Tender at the Bone: Growing Up at the Table by Ruth Reichl – I’ve only just started reading this and what stands out the most to me is Ruth’s considerable wit. I’m loving being introduced, one by one, to the women who shaped the future food writer extraordinaire and Editor in Chief of Gourmet magazine’s relationship with food. Ironically enough, the women closest to Ruth when she was young either didn’t cook well or at all. Perhaps that’s what made her perk up and pay attention when something well-prepared finally graced her plate. I can’t wait to find out.
Especially for Food Bloggers
Will Write for Food by Dianne Jacob – Chances are the only food blogger in your life who doesn’t already own this book is one who is just starting out. But there are plenty of people who fit that description so I’ve included it here. Will Write for Food is ordinarily one of the fist purchases we make, right after buying our domain name. That’s because it’s indispensable. Dianne covers everything, from different ways to say “tasty” to how to write recipes so your readers can follow them to how to do restaurant reviews or book reviews to how to get an agent for that cookbook deal. It ain’t called the “complete guide…” for nothing.
Best Food Writing 2015 edited by Holly Hughes – This book is a great resource for any food blogger to get a taste (pun intended) of different styles of well-crafted food writing. As a writer it is so important to read. And you can get caught in a loop of reading the same blogs and magazines all the time. We tend to enjoy the writing that’s the most like ours. Which is fine. But it’s also good to break out of that and see what else is out there. This book is a great and easy way to broaden your food-writing horizons.

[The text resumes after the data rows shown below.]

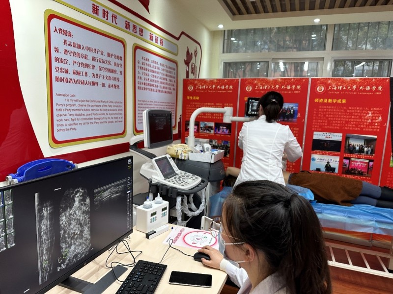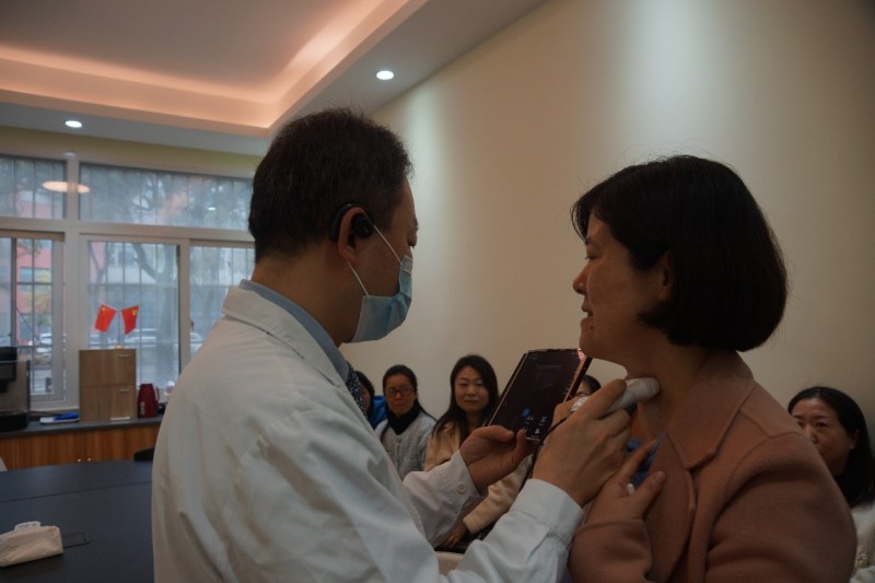 讲座后,韩宝三主任亲自为60余位教师进行现场甲状腺超声检测并就甲状腺和乳腺等问题提供了咨询建议。王文娟主任就老师们最关心的月经失调、痛经、多囊卵巢综合症、卵泡监测、备孕、绝经期综合症等问题给予了耐心、详细的解答,针对妇科体检发现的问题如何进行进一步检查,也给出了建议。乳腺超声是一项比较费时的检测,教师热情高,做检测的人数多,等候时间较长。为了能让所有排队的教师都能做检测,韩宝三主任所带的两位博士医生陆森和董爱萍以及他们的助手一直坚持到晚上8点半,为所有老师做完检测后才结束义诊。
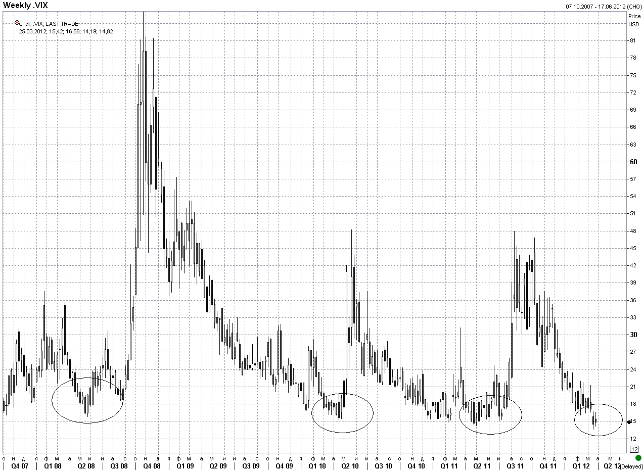 Но так или иначе, с ретестом максимумов или нет, но в среднесрочной перспективе восходящий тренд должен надломиться (тут я конечно Америку не открываю). Индекс VIX вновь опустился к минимальным уровням последних месяцев. Этот индекс основан на волатильности опционов на S&P 500 и упоминается как «мера страха инвесторов», поскольку его значение имеет тенденцию резко возрастать, когда рынки находятся в условиях стресса. Однако в данный момент его значение 14,8 - это ниже, чем было во втором квартале 2008 года, когда на большинстве мировых рынков были показаны существенные максимумы перед началом кризиса. То есть страх на рынке сейчас фактически отсутствует, а именно в такие моменты очень часто происходят резкие развороты рынка и начало мощных движений.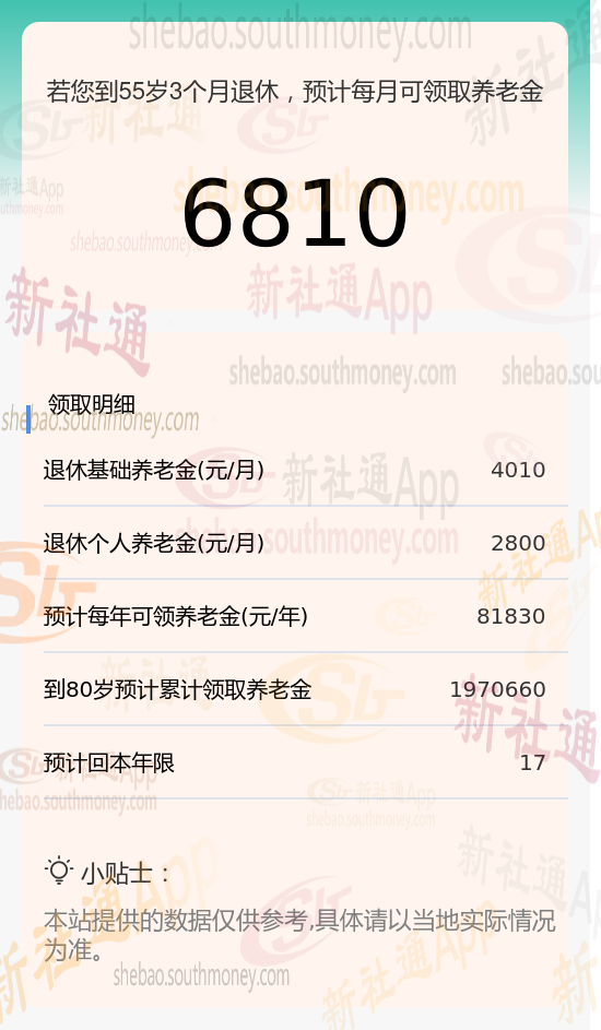 朋友张某退休城市在湖南怀化,性别:女,出生年份:1970,总缴年数34年,缴费档次:210%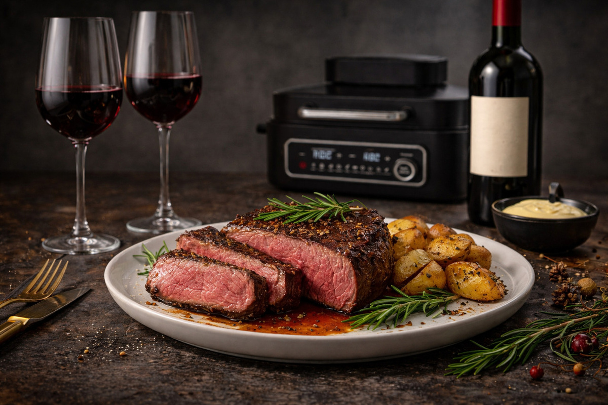 Путь к сердцу мужчины лежит через желудок — истина избитая, зато совершенно верная. Собрали лучшие рецепты, которые точно порадуют вашего избранника в праздник. Представителей сильной половины человечества обычно не тянет на салатики и изящные легкие десерты, так что лучше готовить что-то более основательное. Мясо и птица в этом смысле работают почти безотказно: это сытный белок, который дает длительное насыщение, поддерживает энергию и банально воспринимается мужчинами как нормальная и правильная еда. Плюс такие блюда проще сделать эффектными даже без сложных гастрономических ухищрений — достаточно хорошего куска мяса, правильной прожарки и понятных специй. А еще — удобного функционального аэрогриля. Это, кстати, позволит обойтись еще и без лишнего масла. Стейк из говядины с розмарином Красное мясо — это выстраданный эволюционно главный поставщик гемового железа, цинка и креатина. Эти микроэлементы напрямую связаны с выносливостью, уровнем тестостерона и качеством мышечной массы. В об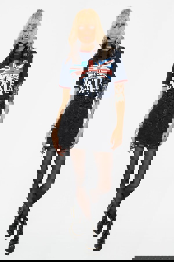 An official licensed The Beatles Unisex Ringer T-Shirt featuring the 'Drop T Logo & Vintage Flag' design motif. This high quality Ringer T-Shirt is available in a navy blue colourway. High quality soft-style cotton unisex ringer t-shirt featuring contrasting sleeve and collar detail. With front printing. Rock Off brings the classic ringer tee up to the minute, with a nod to the popular 60s classic style tee, now available in a wide range of colours and designs. Comes in a wide range of sizes from Small through XX-Large, subject to availability.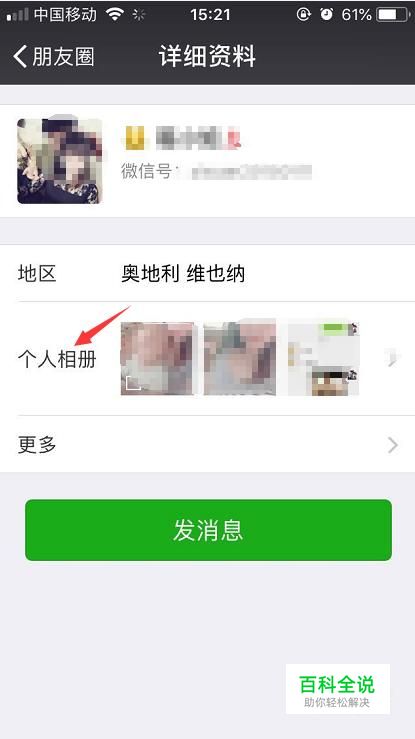 首先我们现在个人资料里打开朋友圈的个人相册。

The Food Photography Book by Nagi Maehashi Click here to view more details – Photography is a huge part of what makes a food blog successful. I’m still very much a student in this arena which is why I appreciate Nagi’s book so much. I’ve read a lot on this subject but this book has had the biggest impact on my photography because her tips are SO PRACTICAL. I really speak, understand and appreciate practical. This book FINALLY convinced this cheapskate food blogger (me) to buy a new freaking lens already. It just arrived this week! The first post I used it for was a re-shoot of my bacon wrapped tropical nuts recipe. I submitted the original photos to Foodgawker back in May. It was rejected. The re-shoot with my new lens? Landed on page 3 yesterday. I call that progress. For a taste of where I’m aiming with my photography skillz visit Nagi’s blog, RecipeTin Eats.